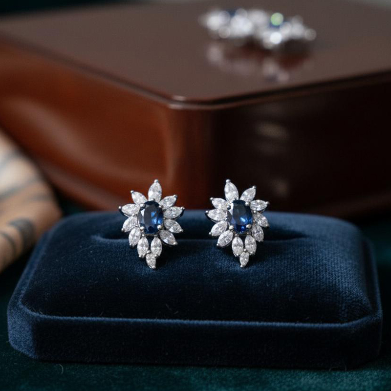 These pear-shaped earrings showcase a captivating sapphire at the center, surrounded by high-quality sparkling stones. Their elegant design blends classic beauty with modern sophistication, making them a perfect choice for any occasion.
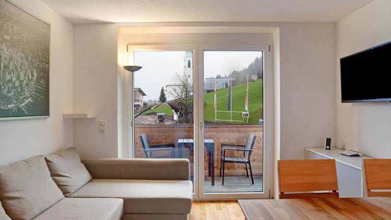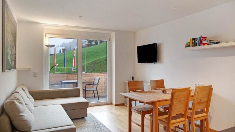 In der Umgebung der Ferienwohnung gibt es zahlreiche Möglichkeiten für Aktivitäten im Freien. Wandern, Skifahren und Velofahren stehen im Vordergrund. Zudem ist ein Abstellraum für Skier vorhanden, was das Wintersportangebot zusätzlich bereichert.
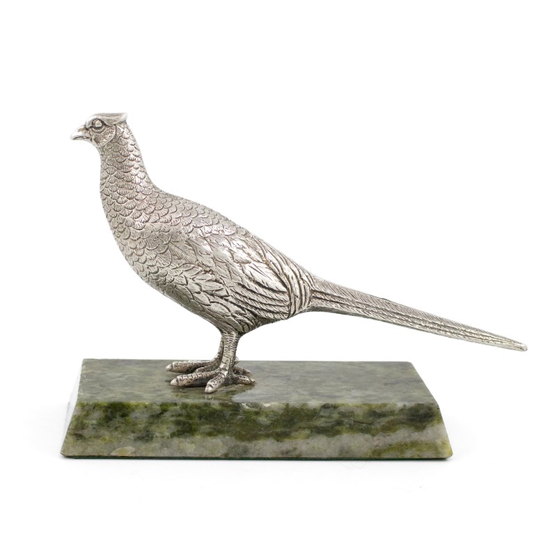modelled in a standing position, on a rectangular green-coloured stone base, length 15cm.
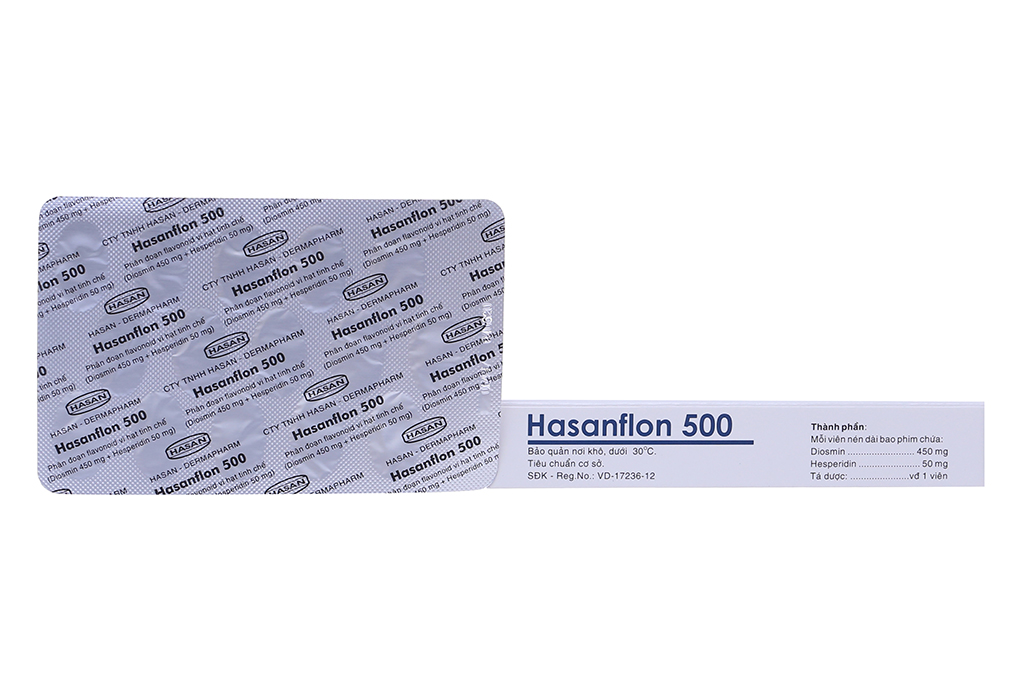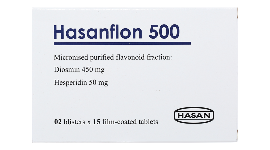 - Hỗn hợp Diosmin và Hesperidin 90/10 dạng vi hạt trong viên Hasanflon 500 có độ hấp thu và sinh khả dụng cao hơn so với dạng thông thường, thuốc có tác dụng làm tăng sự dẻo dai và làm bền thành mạch máu; làm giảm tính thấm mao mạch, tăng trương lực tĩnh mạch và kháng lực các mạch máu nhỏ, tăng cường thoát lưu dịch bạch huyết và ức chế các chất trung gian gây viêm. Do vậy, thuốc làm tăng cường hiệu quả trong điều trị bệnh trĩ và các chứng suy tĩnh mạch.
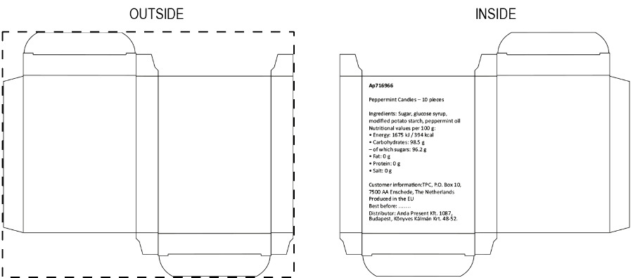 10 große Minzbonbons im Blister mit individuell gestalteter, vollfarbig bedruckter Papierschachtel. Mindestmenge: 100 Stk.
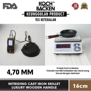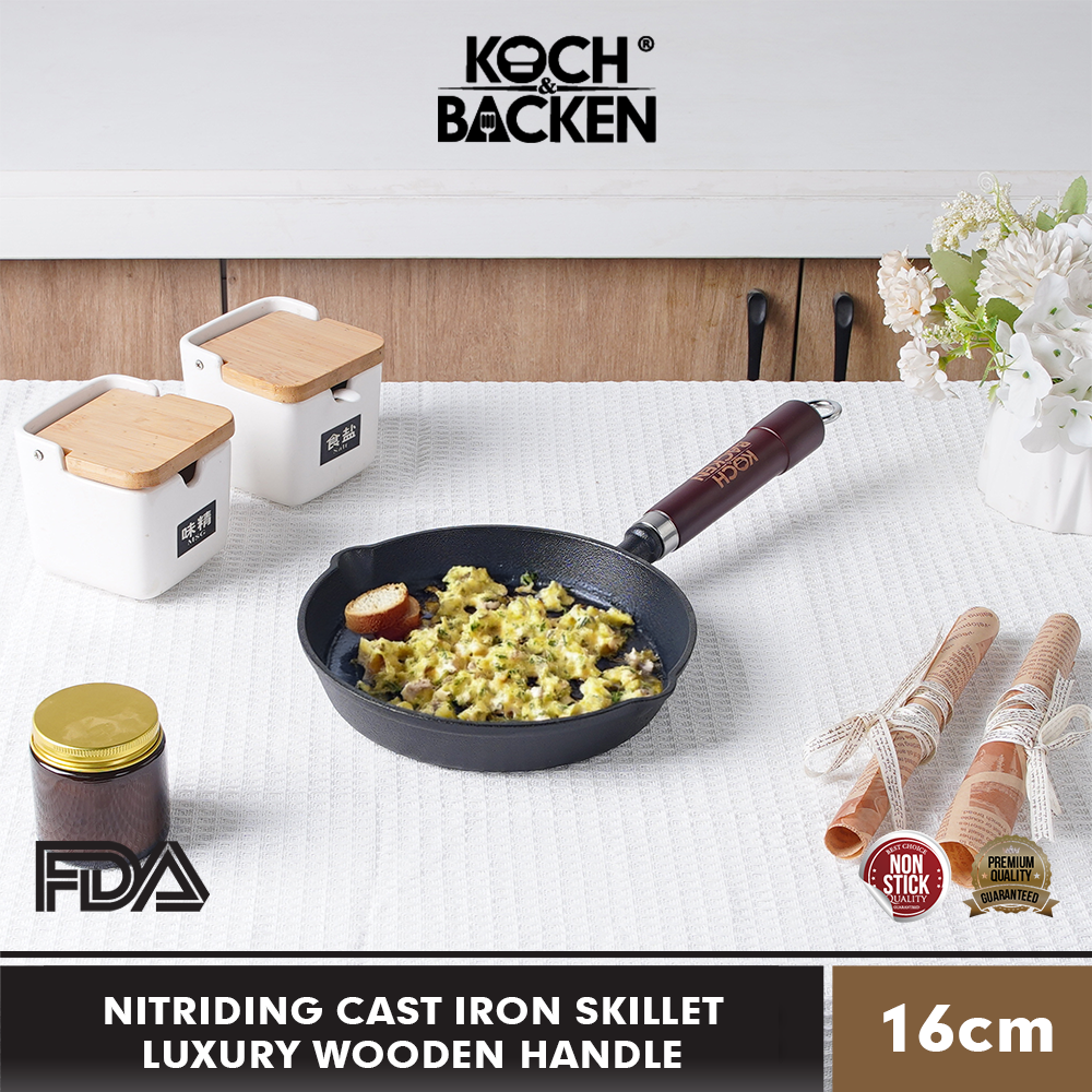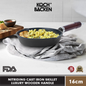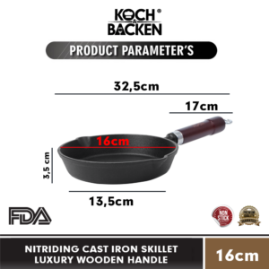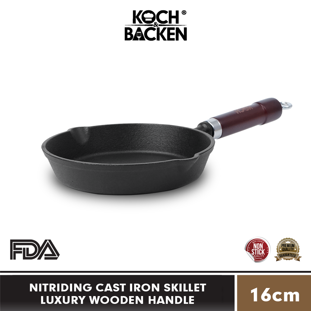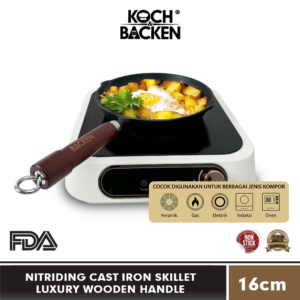 KOCH&BACKEN Nitriding Cast Iron Skillet Luxury Wooden Handle 16cm – Wajan Panci Gagang Kayu Anti Lengket Besi Cor Murni
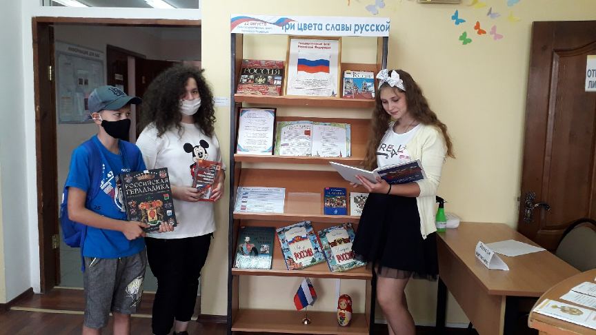 22 августа в День государственного флага Российской Федерации на абонементе Центральной библиотеки прошла патриотическая акция «Символ Отечества». В эти дни читатели смогли проверить и закрепить свои знания по истории флага России, а также государственной символике, посетить книжную выставку «Три цвета славы русской». На память об этом событии все читатели получили ленточки-триколор, а также информационные буклеты, знакомящие с историей возникновения этого государственного символа.
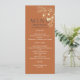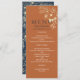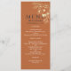 Bohemiskt, modernt, elegant, rustiskt terracotta och marint blått bröllopsprogram, med sofistikerat faux-guld-gyldat manusskript för blommigt snöre och trendig.
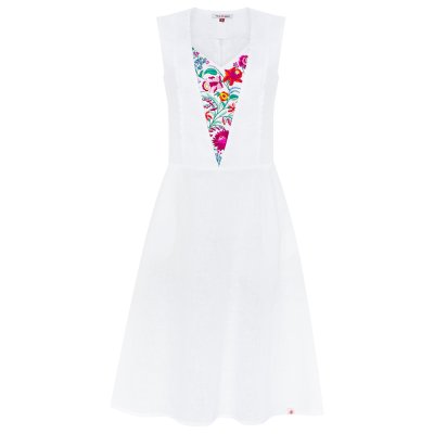 Сукня вишиванка Фолк мода (5033)Білосніжна лляна сукня від українського виробника буде вдалим доповненням вашого гардеробу. Таку сукню можна одягати як для святкових подій, так і в буденні дні. Легка, приємна на дотик, а головне натуральна тканина, не парить та пропускає повітря. Кишені в бокових швах роблять сукню більш практичною. Передня частина сукні прикрашена квітковою вишивкою, виконаною гладдю різнокольоровими нитками. Зважаючи на світові тенденції, в такій сукні Ви, однозначно, будете в тренді.Загальна інформація Тканина: льон Догляд: Прання:
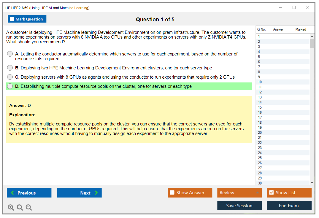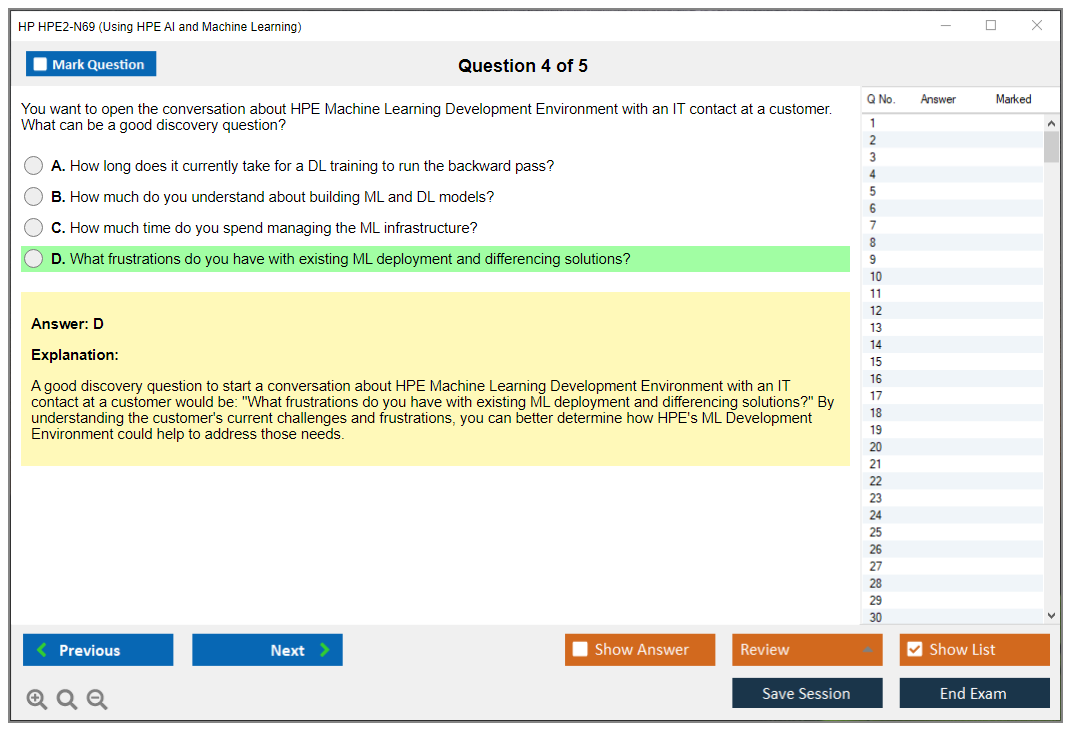 The HP HPE2-N69 (Using HPE AI and Machine Learning) Exam is designed to test the knowledge and skills of individuals in using HPE's AI and machine learning solutions. It covers various aspects such as data analytics, machine learning algorithms, and deployment of AI solutions using HPE technologies.
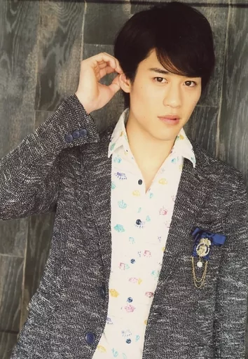 Japanese title: 生写真(男性)/俳優 石田隼/上半身・衣装グレー・白・青・右手上げ・顔右向き・背景グレー/「Reading Cinema×2017 Spring Special <LOVE×LETTERS>」ブロマイド
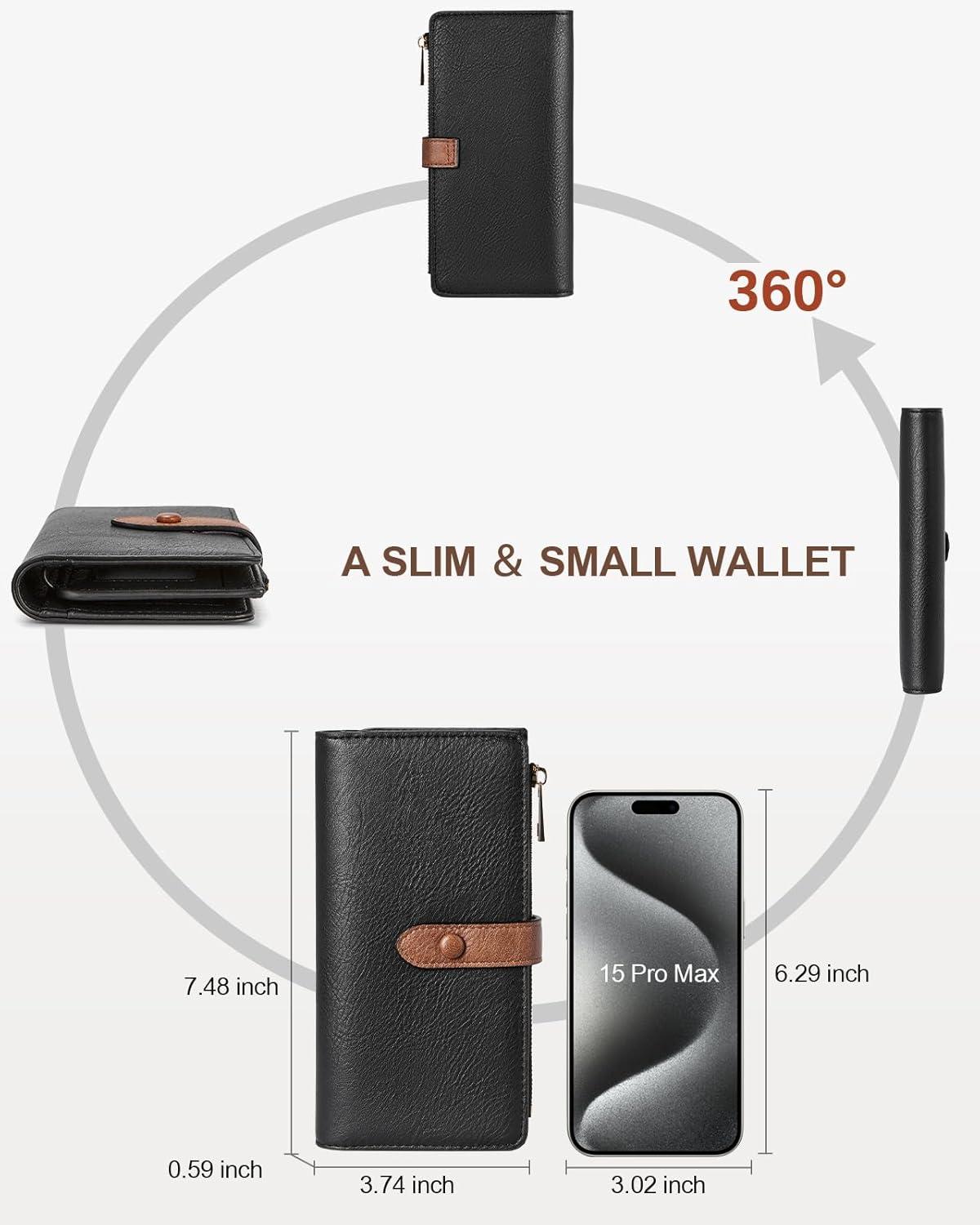 Functional Design: Snap Closure. Measure 7.48″ x 3.74″ x 0.59″ inches. Weight 0.26pounds/0.12kg. Comes With 16 Credit card slots and 4 ID windows, 4 full-length Bill compartment to put money, 1 zipper pocket. Roomy enough for fitting plenty of cards, change and some bills, coins, keeping them well organized.
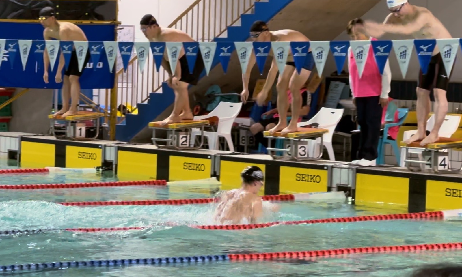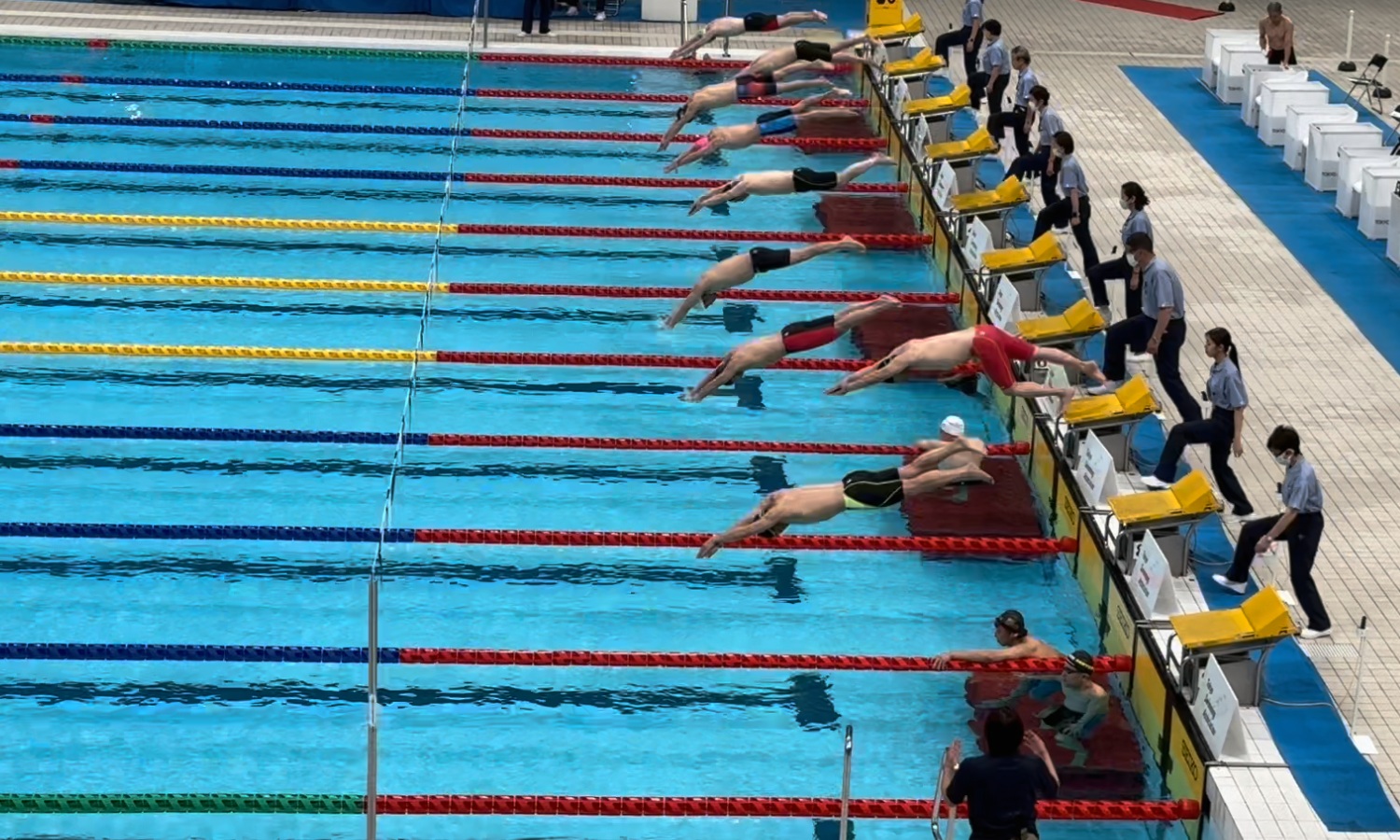 - メドレーリレー スタートと逆側は飛び込みづらいよね…
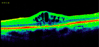 Figura 9. Edema macular quístico y traccional con presencia de membrana epiretiniana.

#### GOAL OF THE EXERCISE
Copy nothing but the lines above from the one with "10 große Minzbonbons" to the one with "Bohemiskt, modernt, elegant, rustiskt", inclusive, word for word. Leave every picture out.

#### EXPECTED ANSWER
 10 große Minzbonbons im Blister mit individuell gestalteter, vollfarbig bedruckter Papierschachtel. Mindestmenge: 100 Stk.
 KOCH&BACKEN Nitriding Cast Iron Skillet Luxury Wooden Handle 16cm – Wajan Panci Gagang Kayu Anti Lengket Besi Cor Murni
 22 августа в День государственного флага Российской Федерации на абонементе Центральной библиотеки прошла патриотическая акция «Символ Отечества». В эти дни читатели смогли проверить и закрепить свои знания по истории флага России, а также государственной символике, посетить книжную выставку «Три цвета славы русской». На память об этом событии все читатели получили ленточки-триколор, а также информационные буклеты, знакомящие с историей возникновения этого государственного символа.
 Bohemiskt, modernt, elegant, rustiskt terracotta och marint blått bröllopsprogram, med sofistikerat faux-guld-gyldat manusskript för blommigt snöre och trendig.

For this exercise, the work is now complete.